M. MAURO VIEIRA, Ministre des affaires étrangères du Brésil, s’est appuyé sur les deux résolutions adoptées ce mois-ci par le Conseil sur la situation en Haïti pour assurer que les responsables de la violence dans ce pays rendent des comptes.  Le Ministre a prié les États Membres qui se sont portés volontaires pour contribuer à la MMAS d’adopter dès que possible les règles d’engagement de la Mission. Celle-ci et le BINUH devront établir une dynamique positive pour s’assurer que les conditions de sécurité s’améliorent en Haïti, a-t-il recommandé.  Le Ministre a rappelé que le Brésil contribue depuis 13 ans aux efforts de maintien de la paix en Haïti, notamment lorsqu’il dirigeait la composante militaire de la Mission des Nations Unies pour la stabilisation en Haïti (MINUSTAH).  Cette expérience augure, selon lui, de meilleures opportunités de coopération avec la MMAS sur la question de la stabilité et du développement d’Haïti.

Le Ministre a insisté sur l’importance d’efforts coordonnés en matière de sécurité ainsi que pour trouver une solution durable à la crise multidimensionnelle d’Haïti. Cette coopération doit s’accompagner d’une forte aide au développement ainsi que d’un soutien au renforcement institutionnel pour s’attaquer aux causes profondes de la violence, de l’instabilité et de la pauvreté.  Il a appelé à jeter des bases d’un large accord politique national exhortant les acteurs politiques haïtiens à parvenir à un accord sur un cadre crédible pour la tenue d’élections.  Le Ministre a appelé la MMAS à créer les conditions pour cela.  La sécurité doit profiter à toute la société haïtienne et pas seulement à un acteur ou un groupe politique particulier, a-t-il souligné.

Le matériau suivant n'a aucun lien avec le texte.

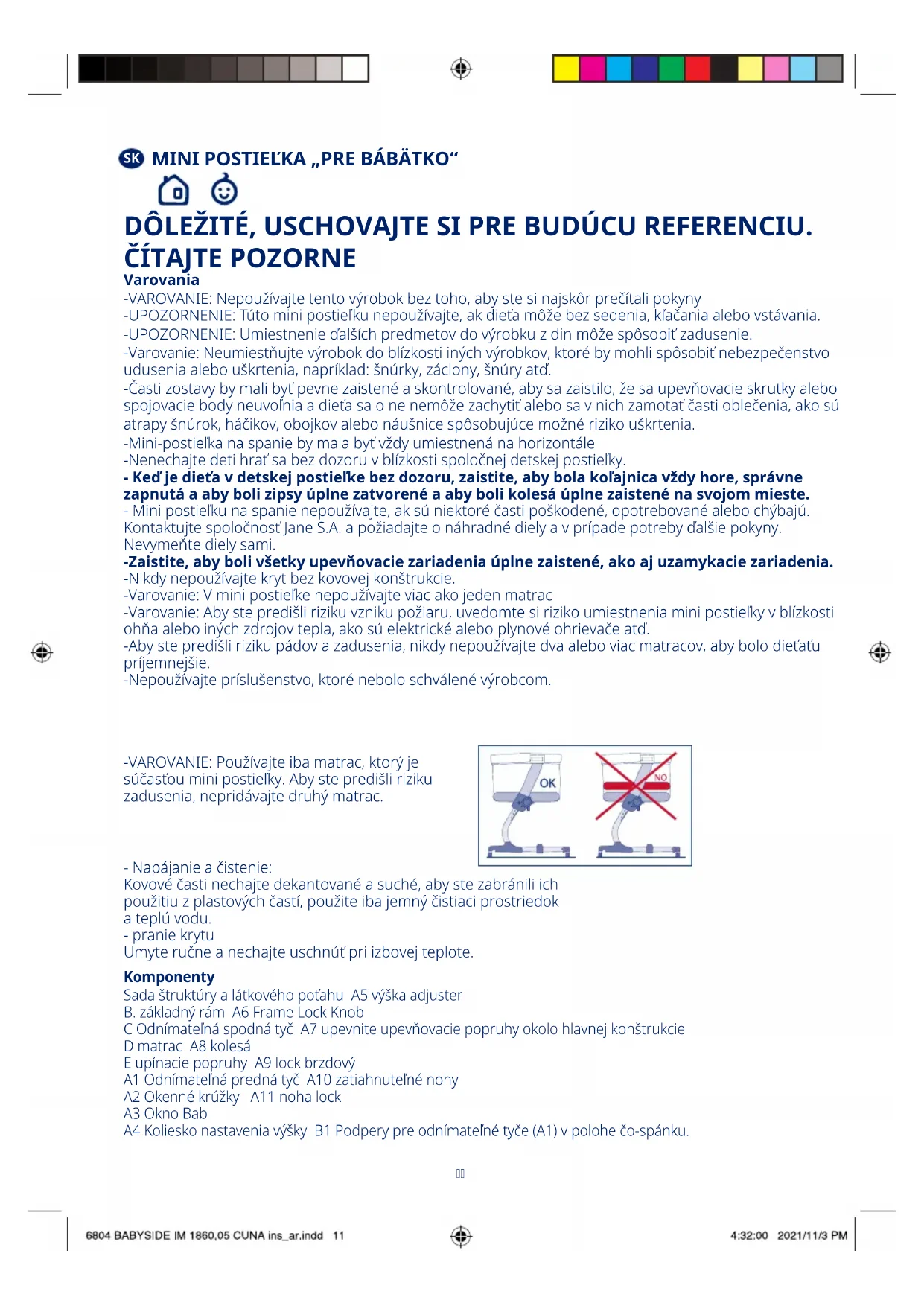 MINI POSTIEĽKA „PRE BÁBÄTKO“ DÔLEŽITÉ, USCHOVAJTE SI PRE BUDÚCU REFERENCIU. ČÍTAJTE POZORNE Varovania -VAROVANIE: Nepoužívajte tento výrobok bez toho, aby ste si najskôr prečítali pokyny -UPOZORNENIE: Túto mini postieľku nepoužívajte, ak dieťa môže bez sedenia, kľačania alebo vstávania. -UPOZORNENIE: Umiestnenie ďalších predmetov do výrobku z din môže spôsobiť zadusenie. -Varovanie: Neumiestňujte výrobok do blízkosti iných výrobkov, ktoré by mohli spôsobiť nebezpečenstvo udusenia alebo uškrtenia, napríklad: šnúrky, záclony, šnúry atď. -Časti zostavy by mali byť pevne zaistené a skontrolované, aby sa zaistilo, že sa upevňovacie skrutky alebo spojovacie body neuvoľnia a dieťa sa o ne nemôže zachytiť alebo sa v nich zamotať časti oblečenia, ako sú atrapy šnúrok, háčikov, obojkov alebo náušnice spôsobujúce možné riziko uškrtenia. -Mini-postieľka na spanie by mala byť vždy umiestnená na horizontále -Nenechajte deti hrať sa bez dozoru v blízkosti spoločnej detskej postieľky. - Keď je dieťa v detskej postieľke bez dozoru, zaistite, aby bola koľajnica vždy hore, správne zapnutá a aby boli zipsy úplne zatvorené a aby boli kolesá úplne zaistené na svojom mieste. - Mini postieľku na spanie nepoužívajte, ak sú niektoré časti poškodené, opotrebované alebo chýbajú. Kontaktujte spoločnosť Jane S.A. a požiadajte o náhradné diely a v prípade potreby ďalšie pokyny. Nevymeňte diely sami. -Zaistite, aby boli všetky upevňovacie zariadenia úplne zaistené, ako aj uzamykacie zariadenia. -Nikdy nepoužívajte kryt bez kovovej konštrukcie. -Varovanie: V mini postieľke nepoužívajte viac ako jeden matrac -Varovanie: Aby ste predišli riziku vzniku požiaru, uvedomte si riziko umiestnenia mini postieľky v blízkosti ohňa alebo iných zdrojov tepla, ako sú elektrické alebo plynové ohrievače atď. -Aby ste predišli riziku pádov a zadusenia, nikdy nepoužívajte dva alebo viac matracov, aby bolo dieťaťu príjemnejšie. -Nepoužívajte príslušenstvo, ktoré nebolo schválené výrobcom. -VAROVANIE: Používajte iba matrac, ktorý je súčasťou mini postieľky. Aby ste predišli riziku zadusenia, nepridávajte druhý matrac. - Napájanie a čistenie: Kovové časti nechajte dekantované a suché, aby ste zabránili ich použitiu z plastových častí, použite iba jemný čistiaci prostriedok a teplú vodu. - pranie krytu Umyte ručne a nechajte uschnúť pri izbovej teplote. Komponenty Sada štruktúry a látkového poťahu A5 výška adjuster B. základný rám A6 Frame Lock Knob C Odnímateľná spodná tyč A7 upevnite upevňovacie popruhy okolo hlavnej konštrukcie D matrac A8 kolesá E upínacie popruhy A9 lock brzdový A1 Odnímateľná predná tyč A10 zatiahnuteľné nohy A2 Okenné krúžky A11 noha lock A3 Okno Bab A4 Koliesko nastavenia výšky B1 Podpery pre odnímateľné tyče (A1) v polohe čo-spánku. Skontrolujte, či 2 plastové podpery aab smerujú nahor Inštrukcie Zostavenie a rozloženie Mini-postieľky na spanie. - Na zostavenie detskej postieľky položte horný rám s krytom na čistý stôl alebo na posteľ podľa obrázku 2. - Vždy umiestnite každú z bočných nôh s číslovaním výšky na vonkajšej strane a koniec každej nohy vložte do bočných podperiek z plastu a kovový kolík vyjde cez otvor (zacvakne) a plastové bočné nohy sa zasuňte do zapuzdrených otvorov. - Musíte počuť mapy zabezpečenia. - Nasaďte dlhú tyč zasunutím každého konca do plastových drážok, kým kovový kolík nezapadne späť. Mali by ste počuť bezpečnostné kliknutia. Potom umiestnite konštrukciu s kolesami na podlahu. -Nakoniec umiestnite spodný rám a bočné konce zarovnajte s otvormi do polovice bokov mini postieľky a potom úplne zasuňte každý koniec dovnútra, kým bezpečne nezapadne. - Vezmite popruh z hodvábnej tkaniny a zakryte bočnú hliníkovú podperu, aby sa popruh otáčal k druhej časti na suchý zips, z mini postieľky zatlačte na suchý zips časti k sebe. Zaistite horný suchý zips suchým zipsom, ktorý nájdete pod tkaninou. Demontáž mini postieľky: Demontujte mini postieľku, postupujte podľa vyššie uvedených krokov dozadu, kým sa 3 bloky na oboch stranách neuvoľnia jednou rukou stlačením kovového kolíka (1) a druhou stlačením dvoch plastových nožičiek (2, 3) a potom nohu (4) vyberte. . Potom, čo je základný rám zostavený, obloženie pasuje pripevnením suchých zipsov (4) nachádzajúcich sa na spodnej časti obloženia (4) k rúrke základného rámu. Položte matrac na spodok mini-postieľky. Mini postieľku používajte bez matraca BabyKant. Uzamknite všetky štyri kolesá detskej postieľky Co-Sleeping, spustením páčok ich zaistite, aby bolo na kolesách úplne viditeľné červené číslo. Používajte ako postieľku (de meest uitgebreide positie) (*)Dôležité: Pred použitím ako mini kolísky do postieľky sa uistite, že teleskopické nohy sú vždy rozložené a v čo najroztiahnutejšej polohe (1) Mini postieľka je teraz pripravená na použitie. Pri rozkladaní mini-postieľky na spanie postupujte podľa rovnakých krokov naopak. Rozloženie a sklopenie nohy (poloha spoločného spánku) Palcom zasuňte kryt dozadu a podržte tlačidlo, nohu zatlačte druhou rukou, aby sa zmestila do postele, keď ju zložíte alebo oddelíte od postele, automaticky sa vráti do pôvodnej polohy v rozloženej polohe. kde sa automaticky nastaví na mieste.

M. Vieira a ensuite informé du soutien concret apporté par son gouvernement: plus de 90 000 visas humanitaires délivrés à des Haïtiens; un don de 5 000 doses de vaccin contre la rage en 2023; une contribution au programme de vaccination haïtien; des dons d’ambulances; et la fourniture de bourses d’études.

Le Ministre a prié la communauté internationale de croire au potentiel du peuple haïtien et à tout faire pour résoudre la crise actuelle.  « Haïti a une longue histoire et une culture riche.  Les Haïtiens sont résilients et travailleurs. »  Avec un soutien supplémentaire de la communauté internationale et un sens du devoir de la part des dirigeants politiques haïtiens, le pays devrait être en mesure de surmonter ses défis, a-t-il conclu.

M. ROBERT A. WOOD (États-Unis) a rappelé que sa délégation avait soutenu les dernières résolutions adoptées par le Conseil de sécurité sur Haïti.  Il a estimé qu’il existe une complémentarité entre les mandats du BINUH et de la MMAS, ce qui nécessite une coopération renforcée entre les deux entités à l’avenir, pour contribuer à sortir ce pays de la crise sécuritaire dans laquelle il se trouve.  Le représentant a aussi déclaré que des ressources supplémentaires seront nécessaires pour la MMAS, de même qu’au BINUH pour soutenir le système de justice pénale national.  Il est nécessaire d’examiner au sein du Conseil de sécurité la manière dont le BINUH peut assumer cette responsabilité, avant de proroger son mandat, a préconisé le délégué.  Les États-Unis sont ouverts à toute discussion portant sur des mécanismes d’établissement des responsabilités en ce qui concerne les violations des droits humains, a-t-il ajouté.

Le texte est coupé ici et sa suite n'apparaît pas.